# Form 80 for Partner visa 820/801



## shelleywa (Jan 17, 2013)

Hello everyone,

I'm slowly getting through this mammoth task of the visa application. My latest hurdle is the form 80 - Personal particulars for assessment including character assessment. I'm surprised that I can't find any guidelines for this on the immi/border website, as it's so particular (maybe I just can't find it?). I'm hoping someone on here might be able to help me with the questions I'm stuck on. Here's the link to the form, if it helps:

https://www.border.gov.au/Forms/Documents/80.pdf

Form 80 - Personal particulars for assessment including character assessment

Part E – International travel / movements
Q18
Have you travelled to any country other than Australia in the last 10 years?
work or study outside your usual country of residence
• holiday/leisure trips
• business
• military deployment
• visits back to your own country

They want the DAY/MONTH/YEAR that I entered and left each country. How on earth am I supposed to know that info for that length of time? I remember going to a few places in Europe but couldn't even estimate the year, let alone the month or day! How accurate do these dates need to be? Is there any way I can find this out through my old passport that I used to travel?

Also, I went on a 2 week Mediterranean cruise that included 3+ countries - how would I explain that??


Q28
Are you applying for a temporary visa?
I am applying for the partner visa 820 and 801. I believe that one is temporary and one is permanent but you apply for and pay for them both at the same time - so should I answer yes or no to this question?

Q34
My current visa details.

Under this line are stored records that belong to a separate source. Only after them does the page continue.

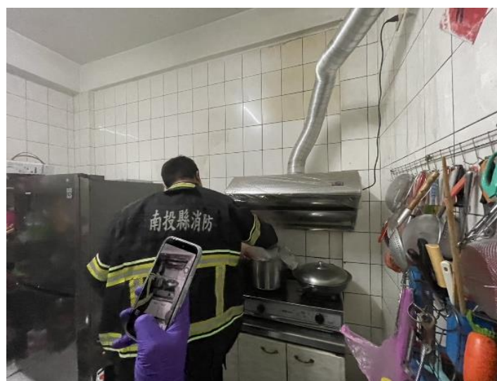
圖一：烹煮食物現場消防人員滅火情形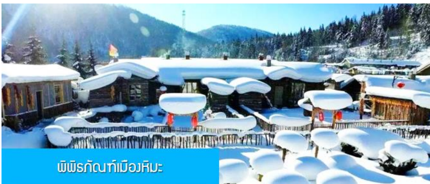
พิพิธภัณฑ์เมืองหิมะ

หมายเหตุ 2 ห้องพักในหมู่บ้านหิมะเป็นโฮมสเตย์ขนาดเล็ก เครื่องอำนวยความสะดวกและบริการอาหารมีค่าและมือเช้าจะไม่ตัดเทียบกับโรงแรมในเมือง และมีอาหารในภัตตาคารได้ ท่านควรเตรียมผ้าเช็ดตัวแปรงสีฟัน ยาสีฟัน และเครื่องใช้ส่วนตัวที่จำเป็นนำติดตัวไปด้วย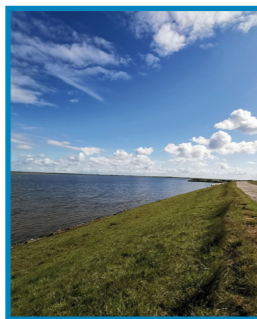
Das Rantum-Becken ist ein Eldorado für Vögel.

Das C. P. Hansen-Kuratorium vermittelt die Zusammenarbeit mit Experten und Kooperationspartnern . Bücher sind zu finden in der Sylt-Bibliothek, im Sylter Buchhandel und im Sylter Archiv.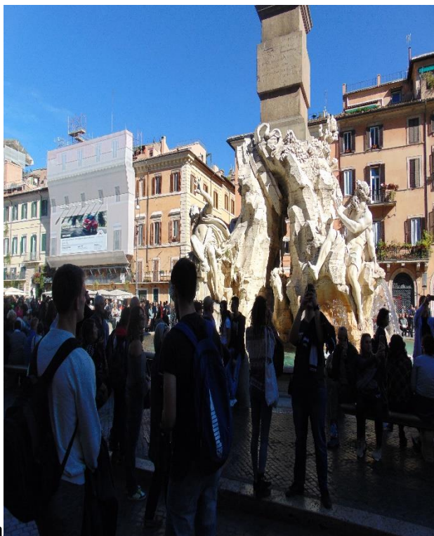
Navona, Zamek Św. Anioła

Ponadto uczniowie wzięli udział w ramach przygotowania kulturowego w wycieczce do Watykanu, gdzie zwiedzili Bazylikę Św. Piotra oraz w wycieczce do Rzymu -zwiedzając Koloseum, Panteon, Schody Weneckie, Fontannę di Trevi, Forum Romanum, Piazza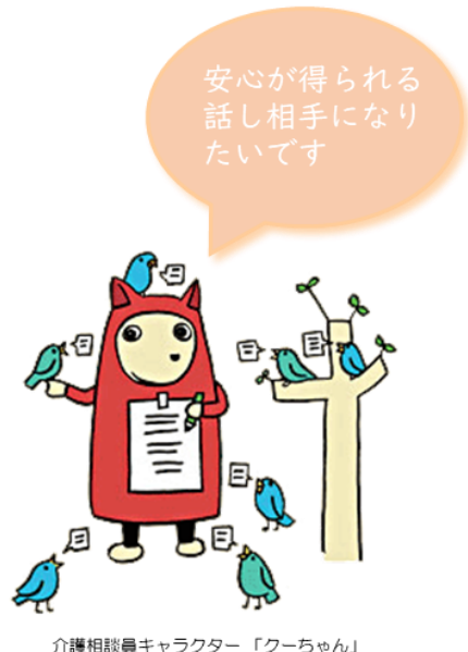
介護相談員キャラクター「クーちゃん」

ただし、車いすへの移乗や食事の介助など「介護」にあたる行為、サービス事業所の評価、利用者同士や家族間のトラブルの仲裁等を行いません。また、「守秘義務」があるため活動上知り得たことは外部にもりません。事業所と共に介護サービスの向上を目指していきます。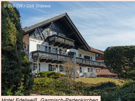
Hotel Edelweiß, Garmisch-Partenkirchen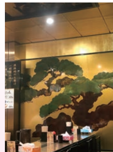
【「金ピカ」な店内の壁】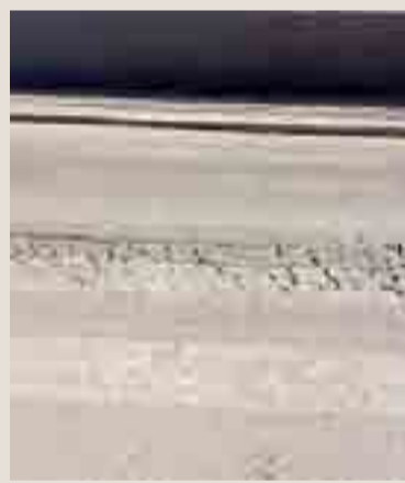
INVISIBILI Ecco le «zebre» da rifare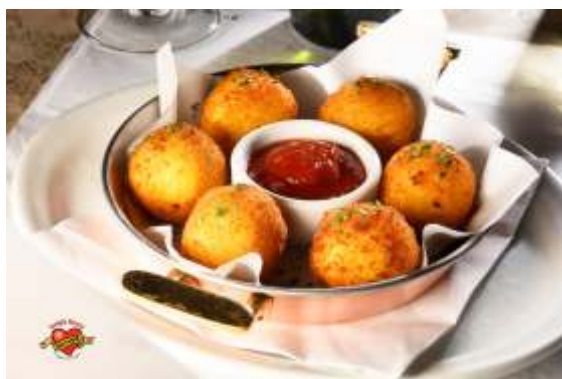
Porção de arancini

210 Porção de arancini R$47,00 6 unidades de bolinho de risoto de açafrão recheado com mozzarella Acompanha geleia de tomate levemente picante.

Place of visa issue - I was living in QLD when this visa was issued to me. However, the letterhead states Perth WA. So do I put QLD, WA or Australia?

Also, "arrival date" - I was already in Aus on a visitor visa, so do I put the date the new visa was granted? Or the date I arrived in Aus on my original visa?

Q35
Have you been to Australia before?
Same situation as above. I came here on a visitor visa and got a student visa to replace it but didn't leave the country - does this count as a previous visit?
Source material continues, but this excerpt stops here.